Omitting any pictures, transcribe the entries below exactly.

START SUPPLIED DATA

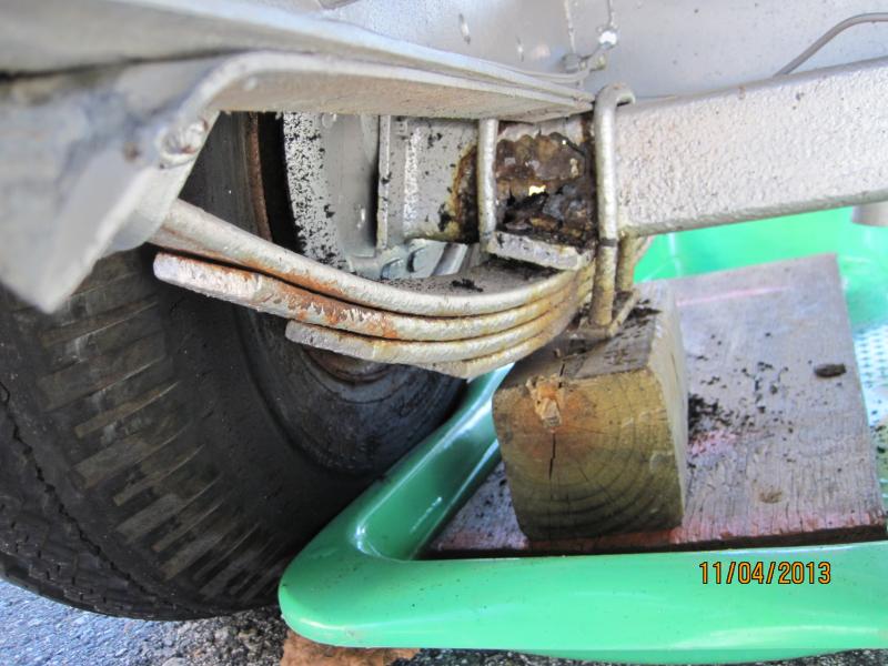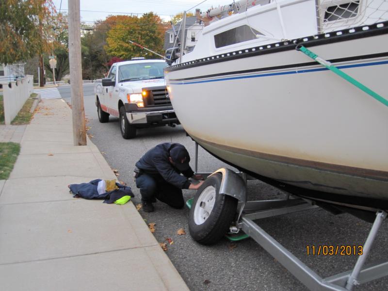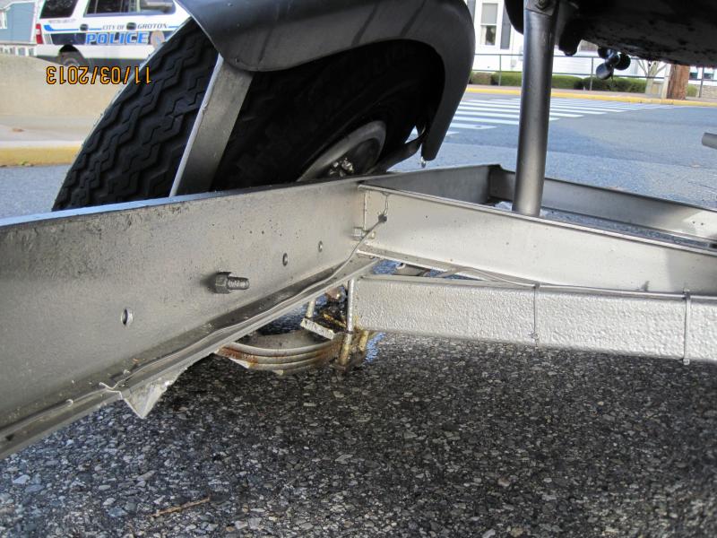 Upon further inspection, yes you may have guessed it, the axle failed... right under the leaf spring u-bolts area. It had rusted through inside to out. I kept up with visible rust control & painting, and the trailer only saw salt water 2x / year: launch and haul out. I have yet to take any long trips with it, and am content to sail on Long Island, Fishers Is, and Block Is sounds. Saying something like 'OMG' comes to mind now, but what I ACTUALLY said, I'll leave to your imagination. And to think that I was only ~200 yards from my street... Home sweet home was beckoning to me and my now lame trailer.
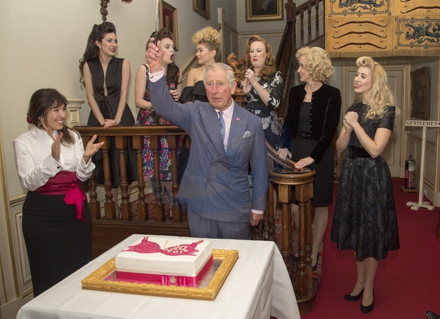Ksiaze Karol w gronie kobiet kroi tort w ksztalcie stanika
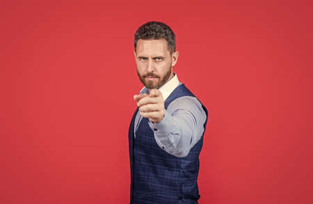 Closeup of businessman pointing finger at you.
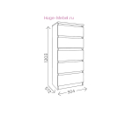- Недорогой высокий комод с 5 выдвижными ящиками на шариковых направляющих. Узкий комод высотой 120 см с отделкой под темное дерево.
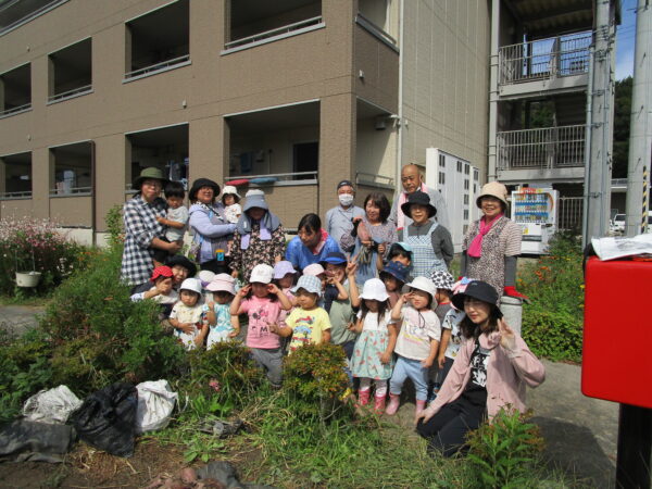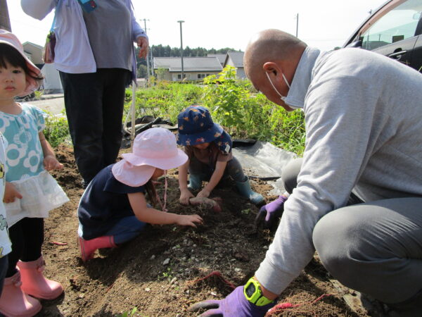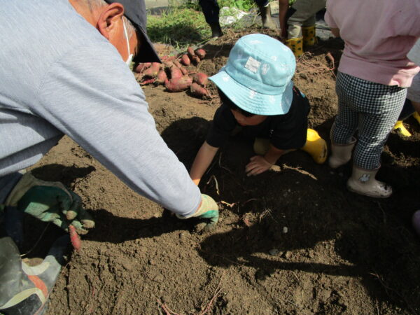 地域の方にサツマイモ掘りのお誘いを頂き、みんなで参加して来ました。 ちょっぴりドキドキの子ども達でしたが、地域の方々と力を合わせてさつまいも掘り開始!! 掘り始めると「あったぁ~」とたくさんの声が聞こえてきました。 帰りには収穫したお芋のお土産を頂きました!!
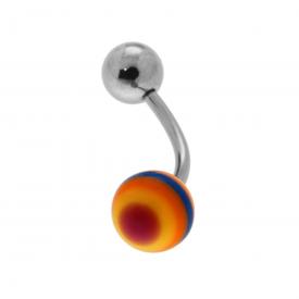Body Piercing Banana con pallina lucida e con semisfera a righe Multicolor con finitura liscia e lucida.
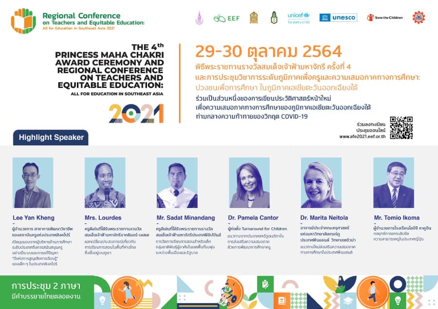 นอกจากนั้นยังมีนักวิชาการและผู้ร่วมประชุมชื่อดังจากองค์กรชั้นนำทั่วโลกเข้าร่วมอภิปรายในหัวข้อต่างๆ อีกมากมาย ผู้ที่สนใจร่วมเป็นส่วนหนึ่งของการเขียนประวัติศาสตร์หน้าใหม่ของการศึกษาโลก ท่ามกลางความท้าทายของวิกฤตโควิด-19 ในพิธีพระราชทานรางวัลสมเด็จเจ้าฟ้ามหาจักรี ครั้งที่ 4 ปี 2564 และเวทีวิชาการระดับภูมิภาค “การประชุมวิชาการระดับภูมิภาคเพื่อความเสมอภาคทางการศึกษาและครู: ปวงชนเพื่อการศึกษาในภูมิภาคเอเชียตะวันออกเฉียงใต้” วันศุกร์ที่ 29 ตุลาคม 2564 เวลา 08.30 – 16.30 น. และวันเสาร์ที่ 30 ตุลาคม 2564 เวลา 9.00 – 16.30 น. สามารถลงทะเบียนผ่านเว็บไซต์ www.afe.eef.or.th
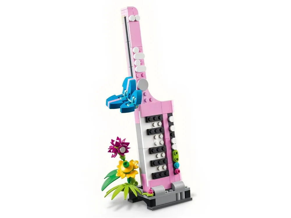 Конструктор LEGO Creator «Друкарська машинка з квітами» 31169 — це набір із серії 3-в-1, що дозволяє зібрати одну з трьох різних моделей. Основна з них — вінтажна друкарська машинка з рухливою клавіатурою, декоративними квітами та «аркушем паперу» з кубиків. Альтернативні збірки включають клавітару на підставці з квітами і горщик для квітів із блокнотом та ручкою. Під час складання розвиваються просторове мислення та творчі навички.
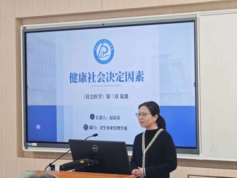 在活动中,赵苗苗副教授说课主题是《社会医学》第三章《健康社会决定因素》,她从教学分析、教学设计、教学过程、板书设计、教学反思进行了现场说课。在教学设计中,她坚持以“员工为主体,教师为主导”的理念,精心构建了课前、课中和课后的教学过程,综合运用案例分析、角色扮演、小组讨论等多种教学方法,从职业情感、家国情怀、科研素养、思辨能力等方面深挖课程思政元素,巧妙地将课程思政元素和前沿学科进展贯穿于教学全过程。
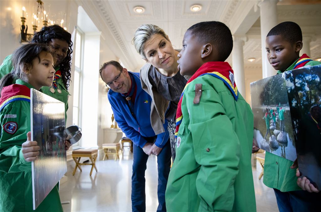 Koningin Máxima heeft dinsdagmorgen bezoek gehad van 25 scouts. De gasten en hun begeleiding gaven op Paleis Noordeinde uitleg over de verschillende maatschappelijke projecten van Scouting Nederland.

END SUPPLIED DATA

REPLY:
 Upon further inspection, yes you may have guessed it, the axle failed... right under the leaf spring u-bolts area. It had rusted through inside to out. I kept up with visible rust control & painting, and the trailer only saw salt water 2x / year: launch and haul out. I have yet to take any long trips with it, and am content to sail on Long Island, Fishers Is, and Block Is sounds. Saying something like 'OMG' comes to mind now, but what I ACTUALLY said, I'll leave to your imagination. And to think that I was only ~200 yards from my street... Home sweet home was beckoning to me and my now lame trailer.
Ksiaze Karol w gronie kobiet kroi tort w ksztalcie stanika
 Closeup of businessman pointing finger at you.
- Недорогой высокий комод с 5 выдвижными ящиками на шариковых направляющих. Узкий комод высотой 120 см с отделкой под темное дерево.
 地域の方にサツマイモ掘りのお誘いを頂き、みんなで参加して来ました。 ちょっぴりドキドキの子ども達でしたが、地域の方々と力を合わせてさつまいも掘り開始!! 掘り始めると「あったぁ~」とたくさんの声が聞こえてきました。 帰りには収穫したお芋のお土産を頂きました!!
Body Piercing Banana con pallina lucida e con semisfera a righe Multicolor con finitura liscia e lucida.
 นอกจากนั้นยังมีนักวิชาการและผู้ร่วมประชุมชื่อดังจากองค์กรชั้นนำทั่วโลกเข้าร่วมอภิปรายในหัวข้อต่างๆ อีกมากมาย ผู้ที่สนใจร่วมเป็นส่วนหนึ่งของการเขียนประวัติศาสตร์หน้าใหม่ของการศึกษาโลก ท่ามกลางความท้าทายของวิกฤตโควิด-19 ในพิธีพระราชทานรางวัลสมเด็จเจ้าฟ้ามหาจักรี ครั้งที่ 4 ปี 2564 และเวทีวิชาการระดับภูมิภาค “การประชุมวิชาการระดับภูมิภาคเพื่อความเสมอภาคทางการศึกษาและครู: ปวงชนเพื่อการศึกษาในภูมิภาคเอเชียตะวันออกเฉียงใต้” วันศุกร์ที่ 29 ตุลาคม 2564 เวลา 08.30 – 16.30 น. และวันเสาร์ที่ 30 ตุลาคม 2564 เวลา 9.00 – 16.30 น. สามารถลงทะเบียนผ่านเว็บไซต์ www.afe.eef.or.th
 Конструктор LEGO Creator «Друкарська машинка з квітами» 31169 — це набір із серії 3-в-1, що дозволяє зібрати одну з трьох різних моделей. Основна з них — вінтажна друкарська машинка з рухливою клавіатурою, декоративними квітами та «аркушем паперу» з кубиків. Альтернативні збірки включають клавітару на підставці з квітами і горщик для квітів із блокнотом та ручкою. Під час складання розвиваються просторове мислення та творчі навички.
 在活动中,赵苗苗副教授说课主题是《社会医学》第三章《健康社会决定因素》,她从教学分析、教学设计、教学过程、板书设计、教学反思进行了现场说课。在教学设计中,她坚持以“员工为主体,教师为主导”的理念,精心构建了课前、课中和课后的教学过程,综合运用案例分析、角色扮演、小组讨论等多种教学方法,从职业情感、家国情怀、科研素养、思辨能力等方面深挖课程思政元素,巧妙地将课程思政元素和前沿学科进展贯穿于教学全过程。
 Koningin Máxima heeft dinsdagmorgen bezoek gehad van 25 scouts. De gasten en hun begeleiding gaven op Paleis Noordeinde uitleg over de verschillende maatschappelijke projecten van Scouting Nederland.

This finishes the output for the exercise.